His laughter only seemed to terrify the wolf further. A flash of its animal eyes glowered over its shoulder. Denisius responded by drawing his sword, now a blade in each hand. The wolf howled again and tried to pick up its speed, but he was now only yards away from it. The Denisius who had crept alongside Varallo Thray to catch Carala in the act would never have imagined himself doing what he was about to do, but now, in the wake of all that happened -- not just since hearing Othma Sulivar's unflattering assessment of him, but all that had happened since he and Vos had set off for Gallowsport in search of a cursewright, he could not imagine himself doing anything else.

With a triumphant cry Denisius launched himself from the saddle, landing on the wolf with both blades buried in its back, drawing an agonized death-cry from its throat as he and the beast rolled on the dust-choked roadway, wolf's blood drenching him. A flash of fire erupted from the skymetal blade, and he knew no more.

When he awoke, it was to a circle of concerned faces surrounding him, Carala's closest of all, strangely similar looks of wonder on both Ammas's face and Barthim's.

"It was a dream," he muttered.

Carala burst out in relieved laughter, tears spilling down her cheeks as they had not done when she had slain Syerre. Ammas shook his head. Barthim only chuckled and said, "This was no dream, good Denisius. You are being as much a wolf-slayer as any of us here."

"Oh," Denisius said lamely. He realized Ammas was bandaging his hand, and he had a queer sense of doubling, wondering if the cursewright was about to tell him he had contracted the Yellow Death again. "What was that flame?"

"It's a skymetal blade," Ammas replied. "It needs to be wielded by someone who has tamed it with a spirit, or trained with it. Else it can lose control. You're not badly hurt. Just a scalding."

"Oh," Denisius said again with a sigh. "Casimir is trained?"

"More than you are," said Casimir with a smile.

"Are the rates for this less than curing the Yellow Death?"

"No rates," Ammas smiled a little. "Consider this my thanks for service above and beyond the call of duty, Lord Marhollow."

Denisius laughed and lay back. To one side lay the wolf Nashal, bloody and dead. He remembered the furious gleam in Carala's eye when she had slashed Syerre's throat, thinking he understood it better now. When that creature had taken off, every inch of him had wanted nothing but to stop it, stop it from betraying them or harming anyone else, no matter what price had to be paid.
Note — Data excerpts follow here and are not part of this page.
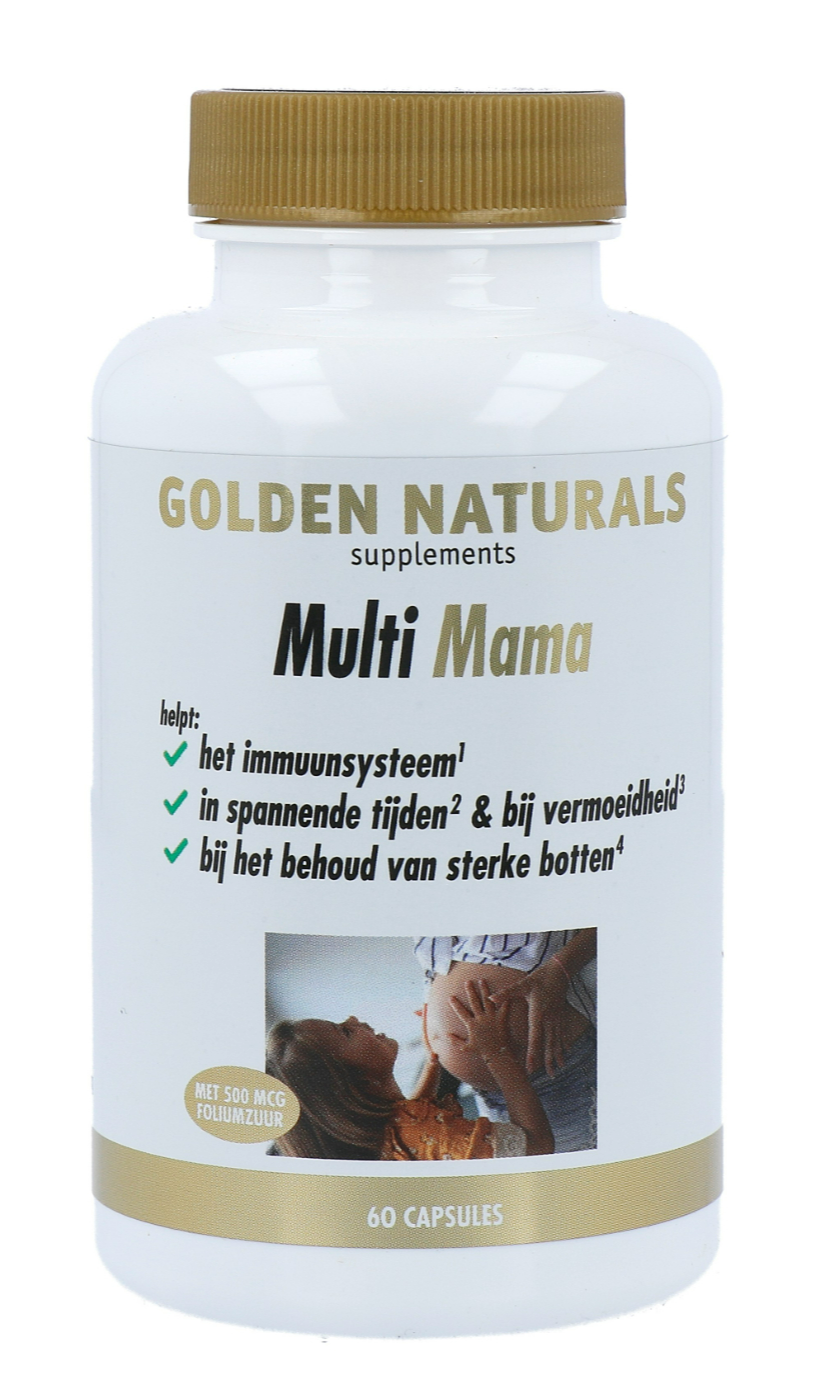 Golden Naturals Multi Mama (60st) is speciaal ontwikkeld voor vrouwen in de fase voor, tijdens en na de zwangerschap, inclusief borstvoeding. De formule richt zich op optimale gezondheid voor zowel de (aanstaande) moeder als het (ongeboren) kindje. Deze multivitamine bevat
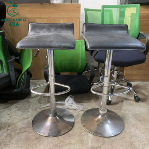 Ghế Bar Cũ Mặt Đệm Đen Chân Tròn Inox Sáng Bóng
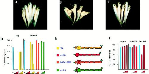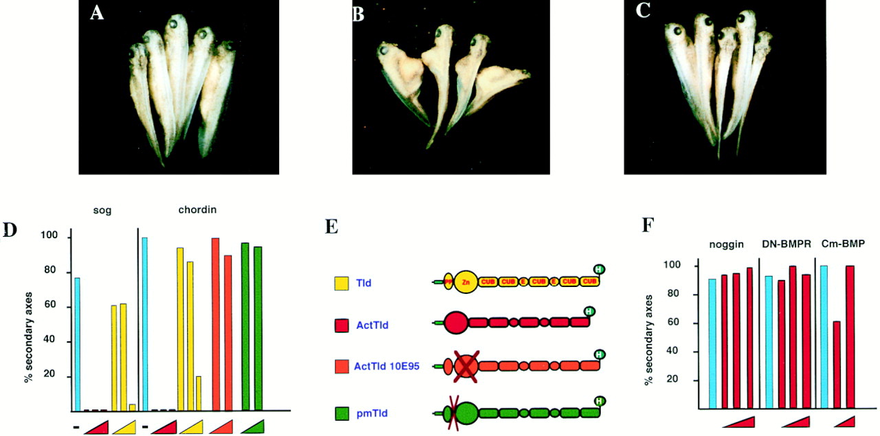 (F) Expression of activated TLD (0.4 ng, 1.5 ng, and 4.0 ng per embryo) does not block secondary axis formation mediated by noggin (100 pg), DN-BMPR (2 ng), and Cm-BMP4 (2 ng) mRNA injected.
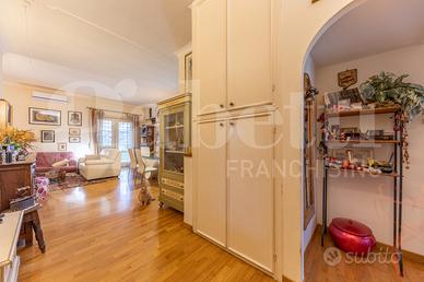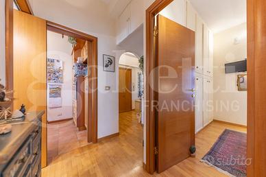 L'appartamento ha una pianta regolare ed è in buone condizioni di manutenzione, i due bagni sono stati ristrutturati recentemente, i pavimenti sono in parquet; sono presenti 3 soppalchi e grate alle finestre; gli infissi sono in pvc con doppi vetri; il riscaldamento è centralizzato con contabilizzatori; sono presenti condizionatori in tutte le camere.
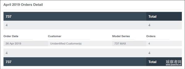 需要指出的是,虽然账面上记录了波音在4月26日签出4架737的订单,但该销售行为早已发生。CNN新闻网指出,波音上季度将4架737卖给旗下金融公司波音资本(Boeing Captial)。而4月份,4架早已出售的飞机,被转移至一家第三方租赁公司下。而波音在报告中显示后者为“身份不明的顾客”。
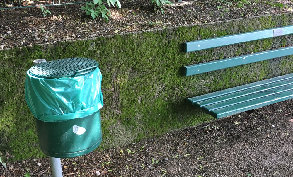 In den durch die Verwaltung des Englischen Gartens betreuten Park- und Gartenanlagen auf Bogenhauser Gebiet gibt’s schon seit Jahren grüne lackierte Mülleimer mit einem stabilen Gitterdeckel samt Griff zum Öffnen – eben krähensicher, eben mustergültig.
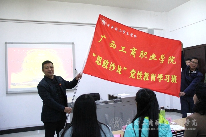 晚上19時(shí),思政沙龍的老師和學(xué)生跟隨帶班老師沈林,來(lái)到了中共韶山市委黨校參加廣西工商職業(yè)技術(shù)學(xué)院韶山黨性教育培訓(xùn)班開班儀式。
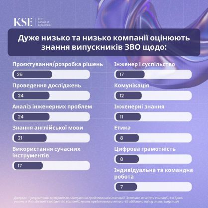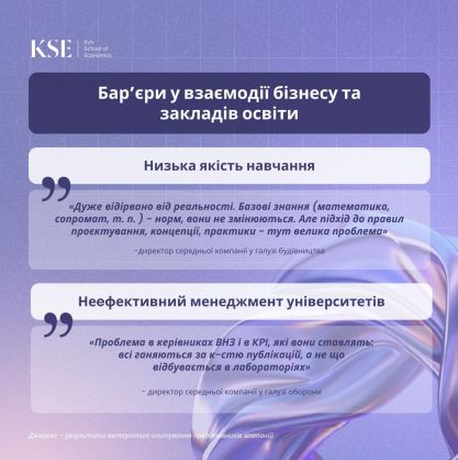 🔹 Компанії зацікавлені у співпраці з університетами через стажування, спільну розробку освітніх програм та гостьові лекції. Основний бар’єр — якість освіти та бюрократія.
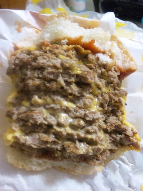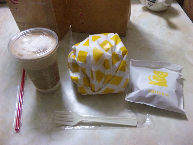 バーガーの見た目はもう哀れなものですよ。やっつけ仕事かと。上のパンなんか、最初ッから上に置く気なかったみたいだしね。(´・ω・`)ベレー帽みたいになってますよ。
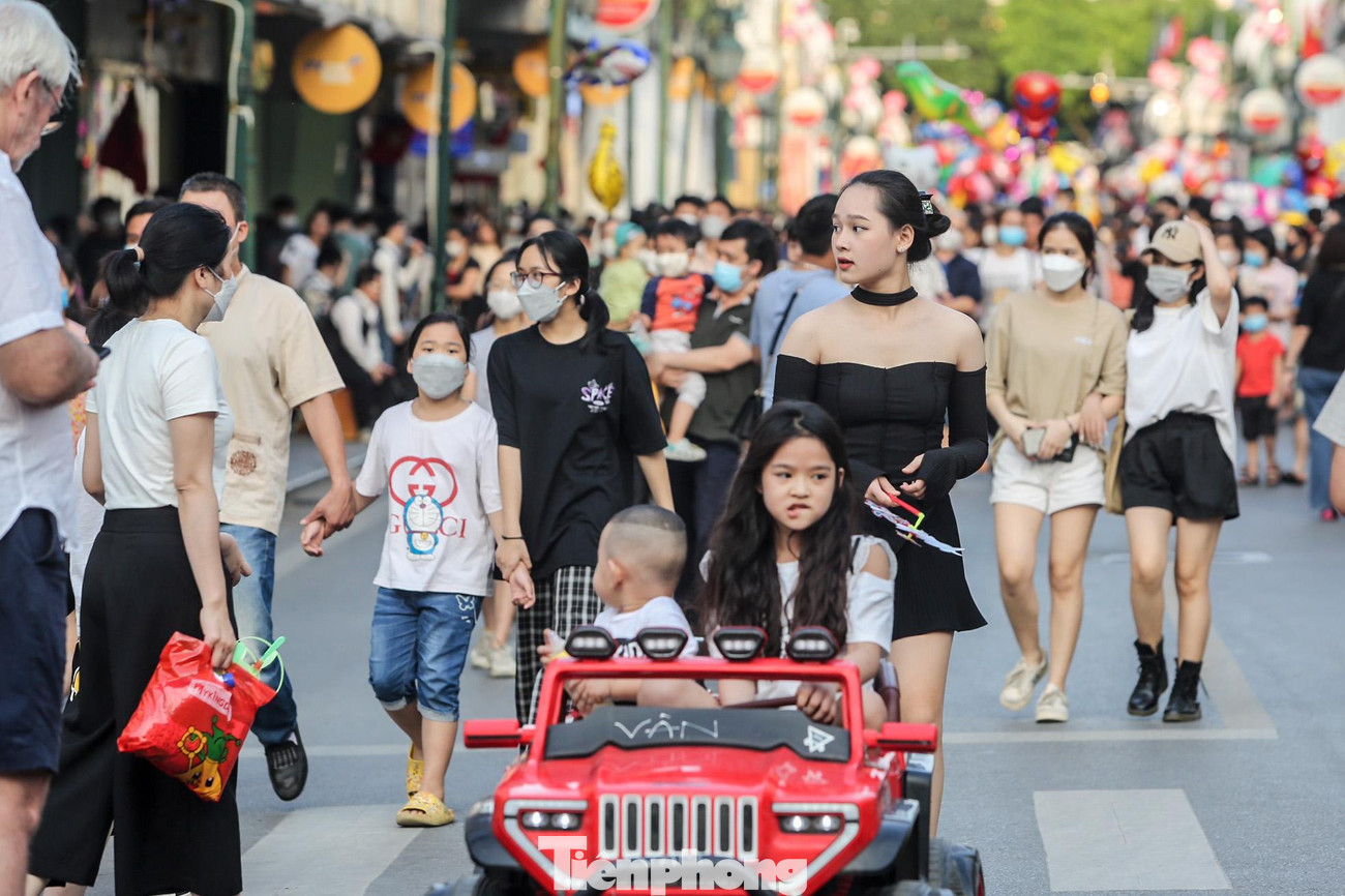 | Rất đông trẻ em được gia đình đưa lên phố đi bộ trong dịp nghỉ lễ này. |
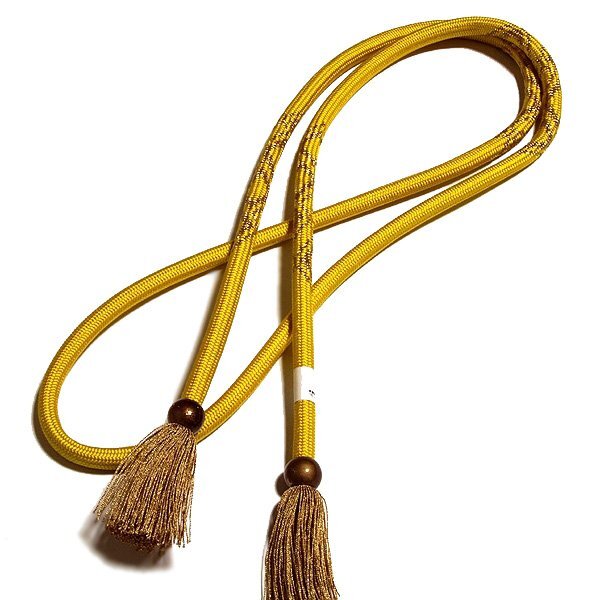 [和楽屋] ■「振袖用 正絹」縞 藤黄色 帯揚げ 飾りつき 撚り房 丸組 帯締め セット■【メール便OK】
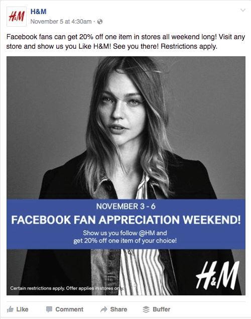 As you can see in this post from H&M, people wanting 20% off from H&M need to show that they like the H&M page on Facebook – that’s a sure way to increase Facebook likes.
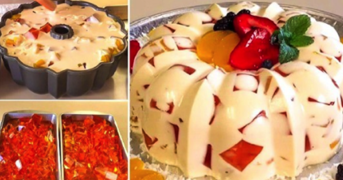 Czas wrócić do galaretek. Kroimy je w małe kostki, po czym przenosimy do formy i zalewamy je skondensowanym mlekiem połączonym z żelatyną.
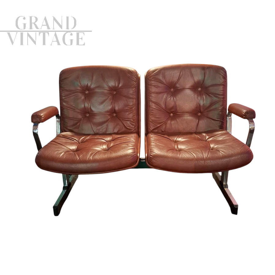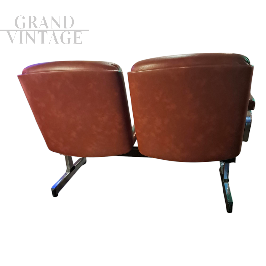 Poltroncine vintage per sala d'attesa in acciaio e similpelle marrone, anni '70
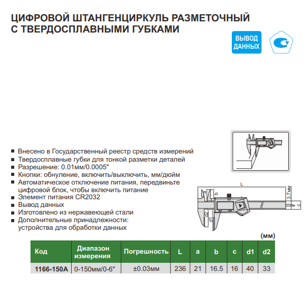 Штангенциркуль ЩЦЦРТ-1-150 0,01мм
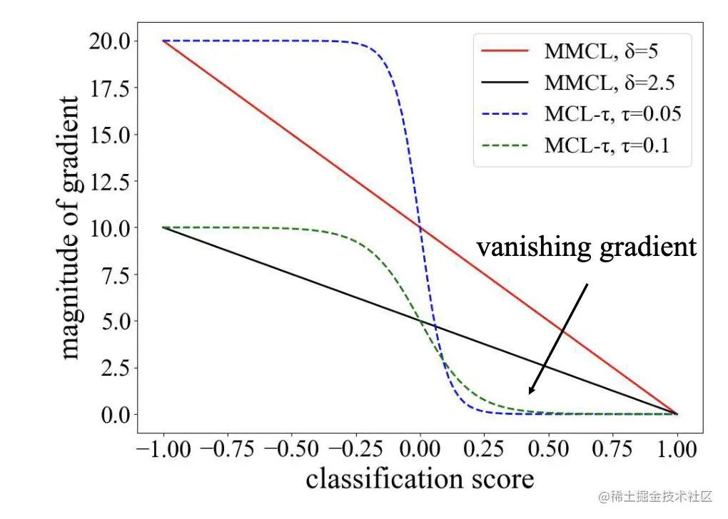 显然,升级后的MCL损失仍然在分类分数大于0.25或者小于-0.25时有梯度消失的问题。另一个问题是,由于任务涉及到很多类别,使得正负类别不均衡。为了解决这个问题,作者进一步提出了MMCL损失。
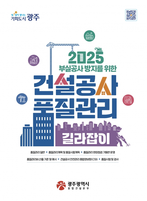 [광성일보] 광주광역시(시장 강기정)는 건설공사의 품질 향상과 안전사고 예방을 위한 업무지침서인 ‘건설공사 품질관리 길라잡이’를 발간, 무료 배포한다.이번 업무지침서는 전국 최초로 광주시가 구성한 ‘민관합동 건설공사 품질혁신기획단 전문가들과 2024년 광주지역 건설공사의 품질향상에 기여한 우수 현장 기술자(감리단장·현장소장·품질실장), 공무원들이 함께 논의한 결과물이다.건설공사의 품질관리 업무를 수행하고 있는 발주청 및 인·허가기관 공무원들과 발주자·감리자·시공자 등 건설공사 관계자들이 실무형 교재로 활용할 수 있도록 관련법령, 현장점검요령, 질의응답 등을 체계적으로 정리했다.
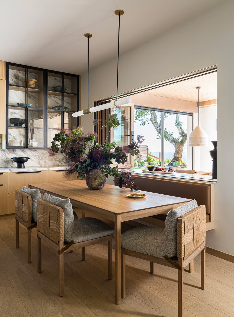 Σε άμεση σύνδεση με την κουζίνα, η τραπεζαρία χαρακτηρίζεται άπλετο φυσικό φως. Η ενσωματωμένη καθιστική γωνία κάτω από το παράθυρο δημιουργεί μια χαλαρή ατμόσφαιρα, ενώ το μεγάλο τραπέζι από φυσικό ξύλο λειτουργεί και πάλι ως σημείο συνάντησης. Η μετάβαση προς τον εξωτερικό χώρο είναι ομαλή, επιτρέποντας στο τοπίο να γίνεται αναπόσπαστο μέρος του δωματίου.

"We need to burn these wolves," Ammas said when he had finished doctoring Denisius's hand. Lord Marhollow sat up, nodding.

"The watchtower ought to make a nice oven for them," Vos suggested. "The Vilains already abandoned it."

Ammas nodded, looking now to Carala. "I think you know where we must go when we are done. Without delay."

Carala took Ammas's hand in her left, and Denisius's uninjured hand in her right, looking from one man to the other, a swell of love and gratitude for both of them suffusing her. The likes of it were something she had never felt in her life, and which she had wondered in her darker moments if a werewolf were even capable of feeling. They were rare enough feelings for any child of Somilius Deyn, even one without the wolf's blood in her veins.

They were both dear to her, but it was to Ammas she spoke. "Let us go to Gallowsport and put an end to this."

Ammas nodded, his gaze fierce and penetrating, his gray eyes shining as they had done when he had first sworn himself to her in a ruined temple in Munazyr.